“Do a large piece of smokestacks, Chris!” said David Passalacqua, one of my favorite teachers during my senior year at Parson’s School of Design.
What? I just looked at him, feeling a bit awkward. I wasn’t sure why he said that. I looked at my work in progress. I had a decent, albeit slightly boring, illustration going. I wasn’t ready to give up on it.
David was an excellent and very extroverted teacher. His friendly eyes had an uncanny ability to bore a hole into your soul by looking at you with the surety he had for his craft, and then yank the guts of your creative instincts to the fore.
That is what happened to me when I looked at him.
He was brutally honest with me—as he was known to be with students—through just a mischievous smile and an electric energy spilling from his deep knowledge of illustrative art. He made it his mission to challenge students to higher levels.
“OK,” I said to him calmly, while energy surged through my body. Something central changed that day for me. My journey as a painter became a passionate adventure—a mission to capture the unimaginable. I completed three paintings of the Con Edison Power Plant on 14th Street, not too far from Parson’s, and received an A. That was 40 years ago.
I was born and raised in New York State, surrounded by an artistic family and a richly influential environment. My mother, during her first trimester of pregnancy with me, contracted measles. As a result, I was born without hearing. I neither heard nor spoke until I was about four years old when I started wearing hearing aids. Today, I wear corrective devices and speak well.
When you’re deprived of one sense from an early age, the other senses compensate by growing stronger. In my case, it was my eyes. They taught me everything I knew about the world I had been born into. My sight continues to be my dominant sense, the only truly reliable way I have to perceive my world, and the sense that informs my work. I work very hard in my paintings to convey the strength and the beauty that I see.

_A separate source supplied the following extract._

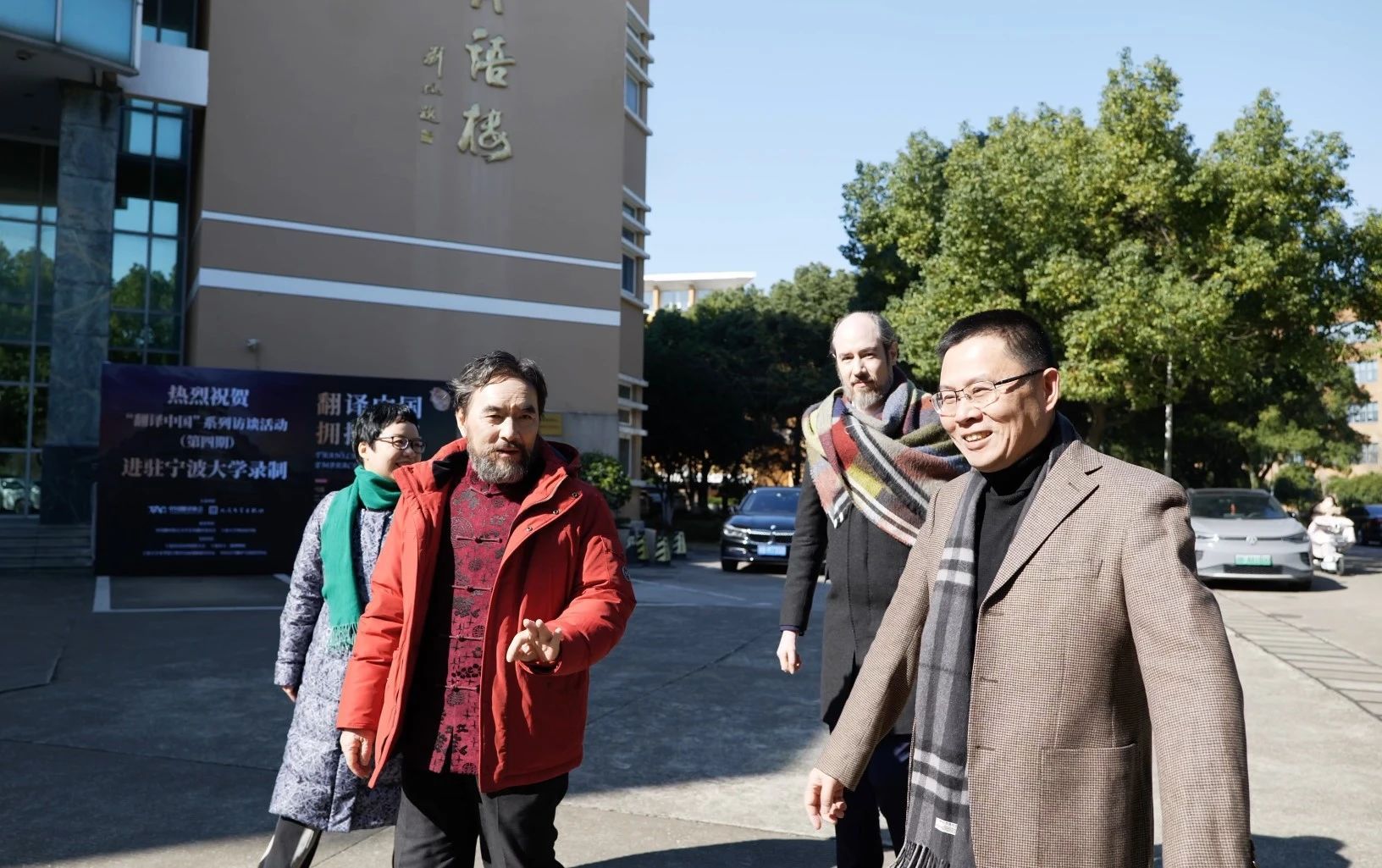 12月22日,“翻译中国·拥抱世界”系列高端访谈活动第四期进驻宁波大学录制。该录制活动由中国翻译协会文学艺术翻译委员会、宁波大学外国语学院承办,宁波市归国华侨联合会、宁波市天一阁博物馆、宁波大学来华留学教育发展战略研究中心、宁波大学中国文学翻译雪漠研究中心支持拍摄,主要聚焦被誉为“大漠歌手”的作家雪漠10年的海外译介传播之路。人民文学出版社编审陈彦瑾莅临宁波大学参加录制。主办方中国外文局翻译院院长黄玉龙、中国外文局翻译院翻译行业工作部副主任杜楠、人民文学出版社外国文学编辑室副主任陈旻等领导来甬指导项目拍摄。

Living in Portland, Oregon, for most of my adult years, I have established a niche in the art community as a painter of contemporary realism. A significant body of my work showcases Oregon’s diverse architectural styles, especially its bridges. The rivers and twelve bridges of Portland are crucial to the city’s character and function, and they provide a great source of inspiration for me.
These bridges compel us to stop and look, be still in the moment, and breathe in the ingenuity of a grand structure. Hiking around the city, I carry my camera for photo references I use for inspiration. I step off the sidewalks to get different perspectives of the city and its bridges with the intention of adding a new dimension to my work.
I am fascinated by the complex steel girders and geometric shapes that underpin the majesty of the bridges. Building dramatic perspectives in my paintings, I illustrate the steel girders in compositional perspective, and capture the transition between the landscape and the cityscape. I strive to deliver unusual points of view, and render exciting realistic and abstract portrayals.
To me, building and maintaining bridges represents a fantastic human achievement. Having the opportunity to be on a bridge during construction or repair also puts me in close contact with the crews—the working heroes—who maintain it.
On one occasion, the Multnomah County Bridge Maintenance crew of Portland invited me to go with them to the top of Hawthorne Bridge and watch them do the greasing of the bridge’s bearings, and the maintenance of the operating mechanisms. I felt privileged to be able to document the maintenance of a bridge and then create art illustrating these American workers, who often go unrecognized and are forgotten.
I have a mission to recognize the people who are an essential part of the creation and maintenance of these important structures. This mission led to a grant I received from the Regional Arts & Culture Council for a project called Tributes: Portraits of Working Heroes of the Tilikum Crossing. I created a visual record of building the Tilikum Crossing for a Portland light rail bridge over the Willamette River. I painted portraits of the designers, engineers, builders, and contractors who worked on the project and featured them in their working environment.
Bridges frame our landscape. They aid commerce, and create vital connections between communities. People cross bridges every day, yet few realize how little we celebrate the modern marvels of their engineering and of the workers who maintain them. My hope is to inspire others to feel more connected to our collective human achievements through viewing these paintings.
It is also necessary to find happiness in what you do. I derive great personal joy knowing that Charles Sheeler, Edward Hopper and Charles Demuth were painting just these kinds of subjects.
While striving to create the unimaginable with my artwork, I still face the reality of competitive judgment and juried shows. I want to be a part of these things, of course, but they conjure feelings of vulnerability and fear of the unknown. I know I have to be courageous to put my soul on canvas to discover if my work could inspire and move other people in some way. I want people to see beyond what is before them in order to feel what I do—a beauty and a great spaciousness that holds the mysterious connection living within us, among each other, within our landscapes, and inside our communities.